Предложенная Королевской Академией тема гласит:

Num liberum hominum arbitrium e sui ipsius conscientia demonstrari potest?

В переводе: „Можно ли свободу человеческой воли доказать из самосознания“?

I.
Определение понятий.

По отношению к столь важному, серьезному и трудному вопросу, совпадающему в своих существенных чертах с главною проблемой всей философии среднего и нового времени, уместна, конечно, большая точность, и потому мы начнем с анализа содержащихся в теме главных понятий.
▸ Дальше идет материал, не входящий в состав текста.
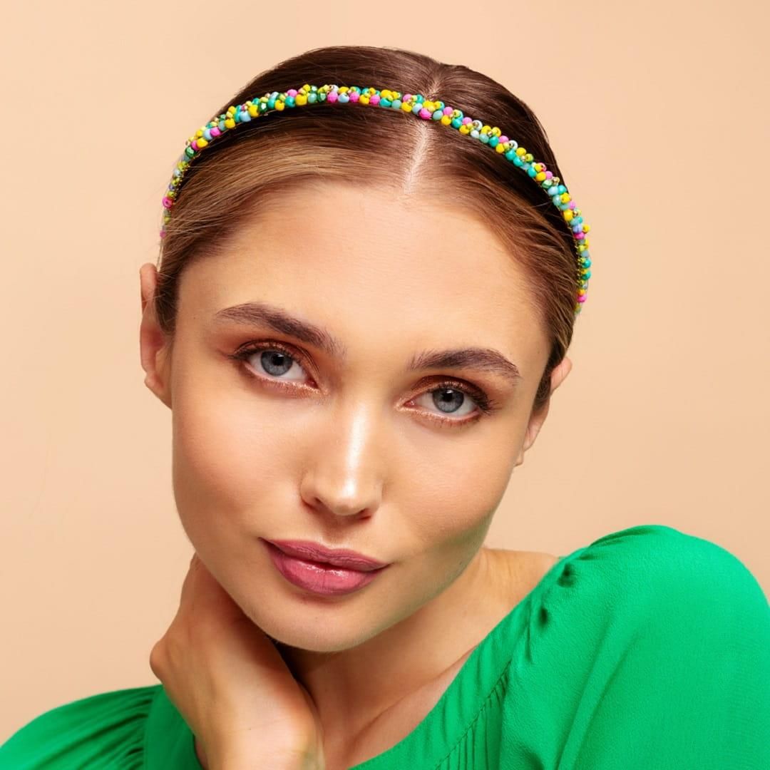 Republika Jewelry Flora - opaska do włosów Delikatna opaska, model "Flora". Ręcznie wyplatana na metalowej złoconej bazie, drobnymi szklanymi kryształami i kamieniami. Wyjątkowa i efektowna w bardzo energetycznych pastelowych kolorach. Opaska wspaniale sprawdzi się jak dodatek do wielu stylizacji. --part-- Każda opaska pakowana jest w jubilerskie, sygnowane pudełko. Rozmiar uniwersalny.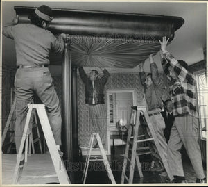 1974 Press Photo Men install Nichols-Rice-Cherry House bed canopy in Houston

1) Что называется свободою?

Понятие „свободы“, при ближайшем рассмотрении, отрицательно. Мы мыслим под ним лишь отсутствие всяких преград и помехи: эти последние, напротив, выражая силу, должны представлять собою нечто положительное. Соответственно возможным свойствам помех, понятие это имеет три весьма различные подвида — свобода физическая, интеллектуальная и моральная.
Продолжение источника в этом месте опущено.